The allyl cation can be written as resonance between 2 or even 3 Lewis structures (I II III). Although it looks rather odd, the 3rd structure (III) was found (by Y. Mo in JCP 1996) to weight about 20% in the total wave function.

Quantum chemistry methods normally cannot use such a simple view of the resonance, even in such a simple system. For instance in the traditionnal Valence Bond (VB) formalism the equivalent description would require a much larger number of structure (from a to i although some redondancies push some VB structures to fade away as tentatively represented bellow).

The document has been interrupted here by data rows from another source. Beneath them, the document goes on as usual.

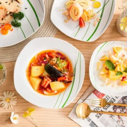 - Im 100-teiligen Set enthaltend: 12 Speiseteller (L 24,7 x B 24,7 x H 2,2 cm), 12 Dessertteller (L 19,2 x B 19,2 x H 2 cm), 12 Suppenteller (180 ml, L 21,5 x B 21,5 x H 3,8 cm), 12 Müslischalen (440 ml, L 17 x B 17 x H 5 cm), 12 Kaffeebecher (350 ml, Ø 8,6 x H 10,2 cm), 12 Eierbecher (Ø 4,8 x H 6,8 cm), 12 Kaffeetassen (220 ml, Ø 8 x H 6,7 cm), 12 Untertassen (L 14,7 x B 14,7 x H 1,7 cm), 2 Milchkännchen (180 ml, 11,5 x 7,5 x 8,5 cm), 2 Zuckerdose mit Deckel (250 ml, 9,5 x 9,5 x 10,5 cm).
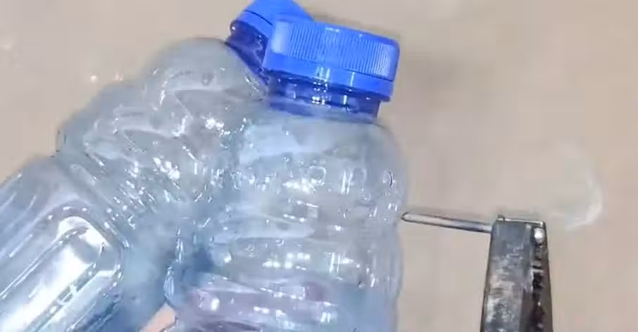 把它給裝好了之後,我們需要在上半部分給它開出來小孔,這樣子有利於涼氣透出來呀,我們給它裝上冰塊之後,找一個鉚釘或者說鐵釘,我們用這個打火機噴槍給它加熱之後,把這個瓶子上半部分給它扎出來小孔,像這種效果我們給它弄出來一個一個的小孔。
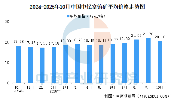中钇富铕矿10月份均价为20.18万元/吨,环比下跌7.0%。
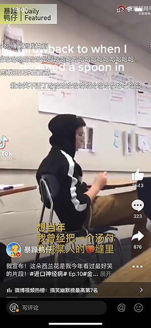 The research participant @暴躁鸭仔 is a subtitling-cum-editing video blogger on Weibo with 120 thousand followers.2 Registering her Weibo account in 2018, she joined the ranks of subtitled video authors in early 2021. Out of a total of 109 video postings in her microblog page (as of December 15, 2021), 104 fall into the category of subtitled audiovisual products, and 95 are posted under #Golden Subtitling# hashtag. In the monthly-released list of quality subtitling bloggers (began in January 2021), her name appeared on the list of March, August, and September, recognized with the New Blogger Award. The general process of her subtitled video production covers collecting original materials on Tiktok, editing video clips based on topic, and composing subtitles, all completed on her own. Her subtitling practices constantly involve the innovative use of not only linguistic codes but other semiotic and modal resources. Altogether, @暴躁鸭仔 is a logical candidate for research participation on the grounds of her identity as a typical subtitling blogger and output of a high traffic of postings for data collection and analysis.

A method for expressing the wave function in the simple terms of Lewis structures is proposed and tested on the allyl cation. This computational scheme is called Valence Bond BOND for Breathing Orbitals Naturally Delocalized, and labelled as VBB. It makes use of a GVB description of each double bond, which ensures that left-right correlation is accounted in each double bond.

The compact VBB wave function gives consistent results with the Breathing Orbital Valence Bond method (BOVB from Hiberty et al) for the resonance energy of the allyl cation (54 and 55 kcal/mol for VBB and BOVB, respectively). The optimization of the σ orbitals, in such a way they adapt to each resonance structure, makes use of the Breathing Orbital Effect. It is shown that this "breathing" of the σ frame is more efficient in the resonant hybrid than in the localized state, so that a resonance energy of 63 kcal/mol is obtained at this level of computation.

The weights found with the VBB method is consistent with the NRT computation results.